__Instructions for the task__:
The material below holds the lines to copy: from the one with "發芽蛋白,無味,1公斤 | 純素、植物基、有機、無麩質、米色和發芽蛋白棒" up to and including the one with "Vibrant Latin American". Copy them exactly and skip the pictures.

__Records__:
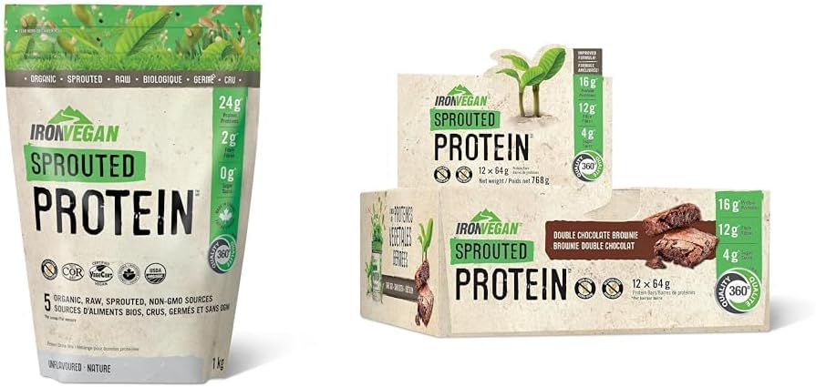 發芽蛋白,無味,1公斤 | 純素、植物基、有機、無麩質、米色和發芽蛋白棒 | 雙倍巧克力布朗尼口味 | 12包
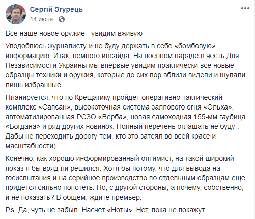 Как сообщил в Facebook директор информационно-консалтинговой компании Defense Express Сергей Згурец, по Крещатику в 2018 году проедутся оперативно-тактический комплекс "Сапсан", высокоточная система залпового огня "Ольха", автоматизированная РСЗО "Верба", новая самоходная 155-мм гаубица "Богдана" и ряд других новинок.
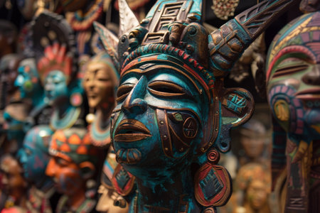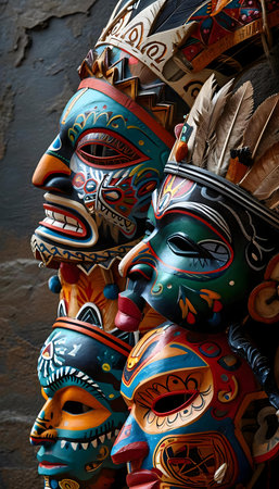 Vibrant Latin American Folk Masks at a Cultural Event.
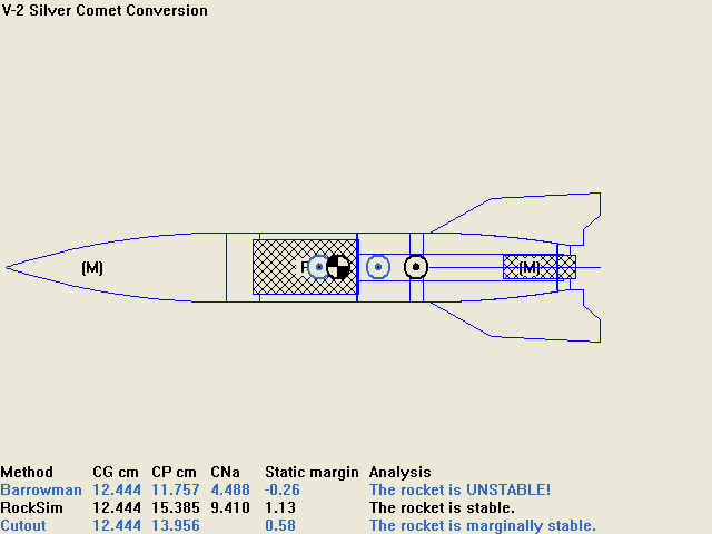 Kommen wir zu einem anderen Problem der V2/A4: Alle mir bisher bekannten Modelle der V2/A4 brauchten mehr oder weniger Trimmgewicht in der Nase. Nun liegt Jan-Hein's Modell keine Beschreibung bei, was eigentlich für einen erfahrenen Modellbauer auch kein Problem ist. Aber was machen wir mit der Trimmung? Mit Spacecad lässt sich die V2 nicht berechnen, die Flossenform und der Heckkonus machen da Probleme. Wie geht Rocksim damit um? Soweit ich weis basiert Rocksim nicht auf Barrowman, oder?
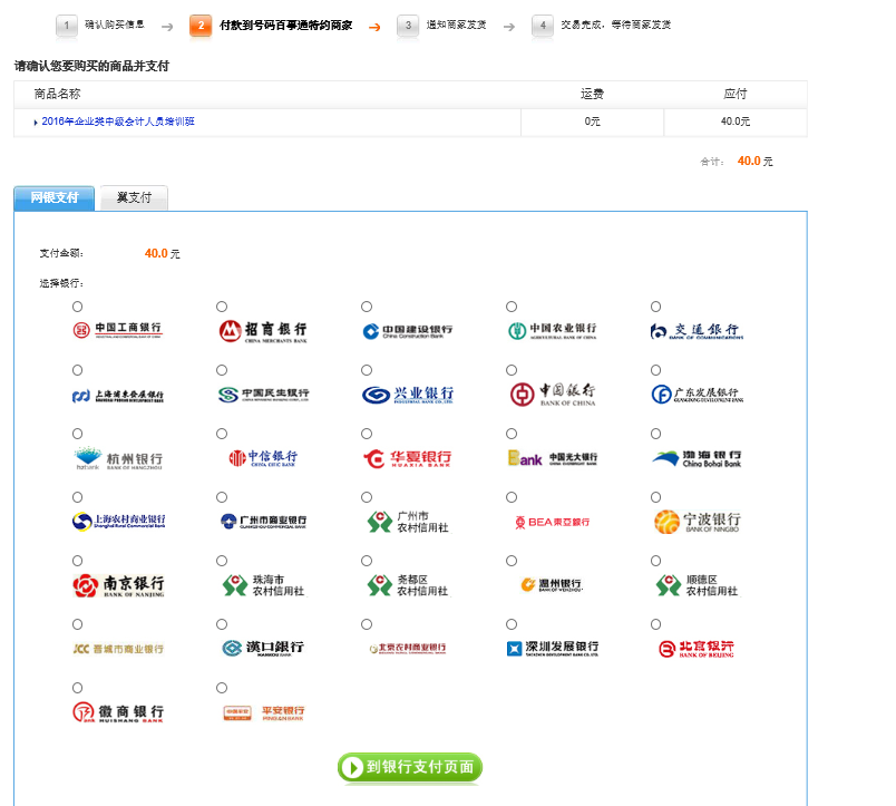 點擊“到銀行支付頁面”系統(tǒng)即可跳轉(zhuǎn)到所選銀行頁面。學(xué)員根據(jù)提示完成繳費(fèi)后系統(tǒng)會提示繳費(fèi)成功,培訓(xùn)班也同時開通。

--

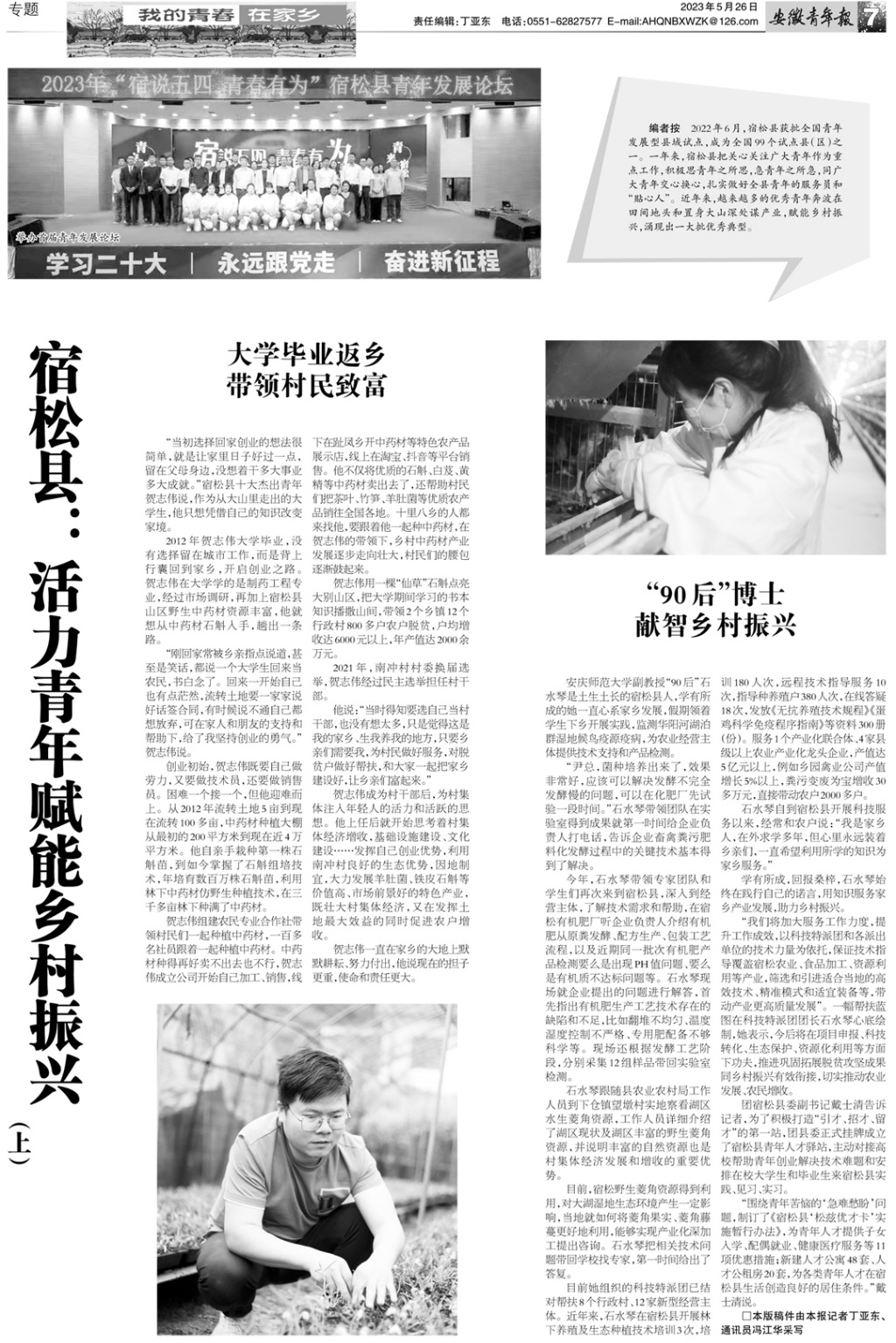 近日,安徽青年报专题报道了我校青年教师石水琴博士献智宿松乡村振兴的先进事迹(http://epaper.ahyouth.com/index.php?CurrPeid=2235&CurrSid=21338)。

__Answer for this exercise__:
 發芽蛋白,無味,1公斤 | 純素、植物基、有機、無麩質、米色和發芽蛋白棒 | 雙倍巧克力布朗尼口味 | 12包
 Как сообщил в Facebook директор информационно-консалтинговой компании Defense Express Сергей Згурец, по Крещатику в 2018 году проедутся оперативно-тактический комплекс "Сапсан", высокоточная система залпового огня "Ольха", автоматизированная РСЗО "Верба", новая самоходная 155-мм гаубица "Богдана" и ряд других новинок.
 Vibrant Latin American Folk Masks at a Cultural Event.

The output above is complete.